→ **DATA EXTRACT**:
################

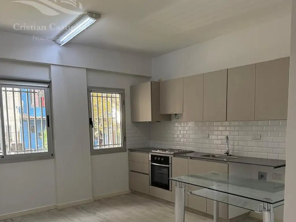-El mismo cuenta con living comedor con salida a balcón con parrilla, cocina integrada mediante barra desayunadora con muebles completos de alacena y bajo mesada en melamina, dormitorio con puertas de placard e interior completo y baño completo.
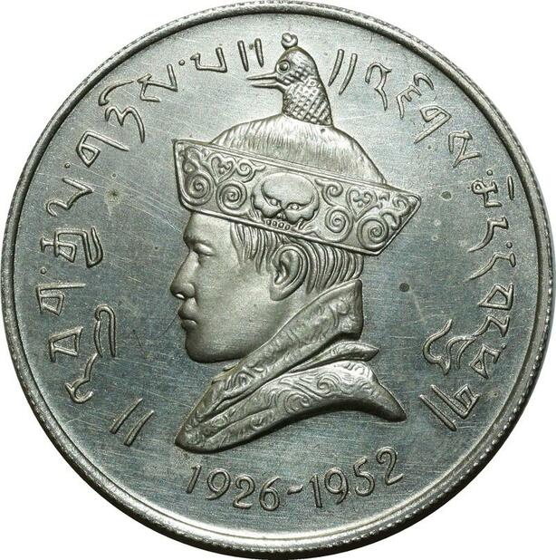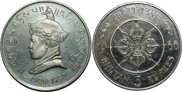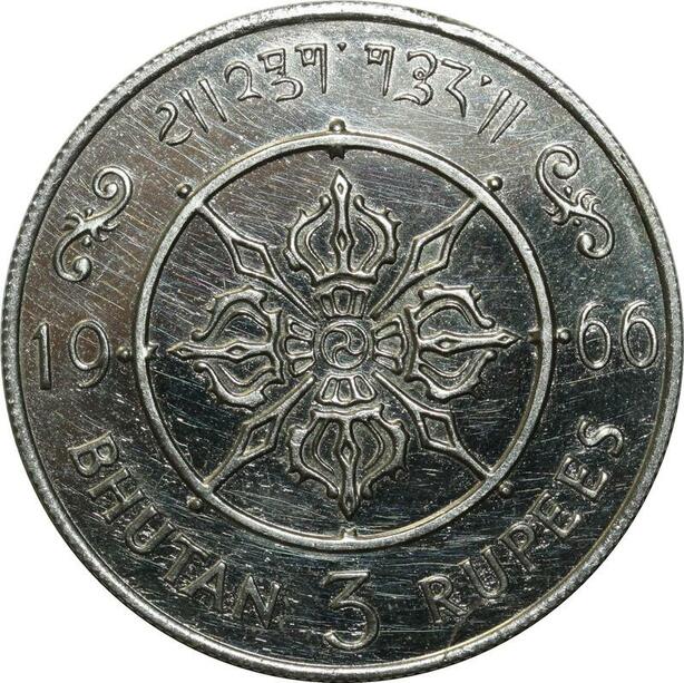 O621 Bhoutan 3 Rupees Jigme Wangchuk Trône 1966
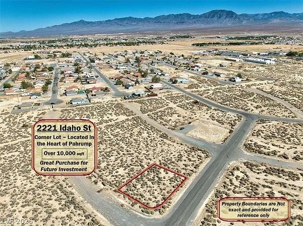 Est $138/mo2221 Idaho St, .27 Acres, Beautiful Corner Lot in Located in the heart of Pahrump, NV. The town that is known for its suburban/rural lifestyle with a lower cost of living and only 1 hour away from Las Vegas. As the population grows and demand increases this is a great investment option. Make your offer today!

################

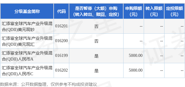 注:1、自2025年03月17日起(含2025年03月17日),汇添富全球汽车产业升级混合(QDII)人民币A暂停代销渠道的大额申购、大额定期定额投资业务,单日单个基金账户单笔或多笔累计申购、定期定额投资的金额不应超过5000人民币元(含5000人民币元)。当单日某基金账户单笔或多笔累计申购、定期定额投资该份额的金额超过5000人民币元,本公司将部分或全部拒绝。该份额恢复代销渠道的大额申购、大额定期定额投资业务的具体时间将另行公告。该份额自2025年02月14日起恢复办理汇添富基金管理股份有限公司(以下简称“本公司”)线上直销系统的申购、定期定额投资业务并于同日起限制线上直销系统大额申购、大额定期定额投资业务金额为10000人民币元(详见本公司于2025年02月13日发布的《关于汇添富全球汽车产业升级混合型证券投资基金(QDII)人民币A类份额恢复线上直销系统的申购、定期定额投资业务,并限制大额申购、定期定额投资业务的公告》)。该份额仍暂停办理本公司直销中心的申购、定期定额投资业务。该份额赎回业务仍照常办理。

################

→ **ASSIGNED TASK**:
Retype only the lines above from the one with "-El mismo cuenta" through the one with "O621 Bhoutan 3", exactly and with both ends. Images stay out.

→ **RESULT BELOW**:
-El mismo cuenta con living comedor con salida a balcón con parrilla, cocina integrada mediante barra desayunadora con muebles completos de alacena y bajo mesada en melamina, dormitorio con puertas de placard e interior completo y baño completo.
 O621 Bhoutan 3 Rupees Jigme Wangchuk Trône 1966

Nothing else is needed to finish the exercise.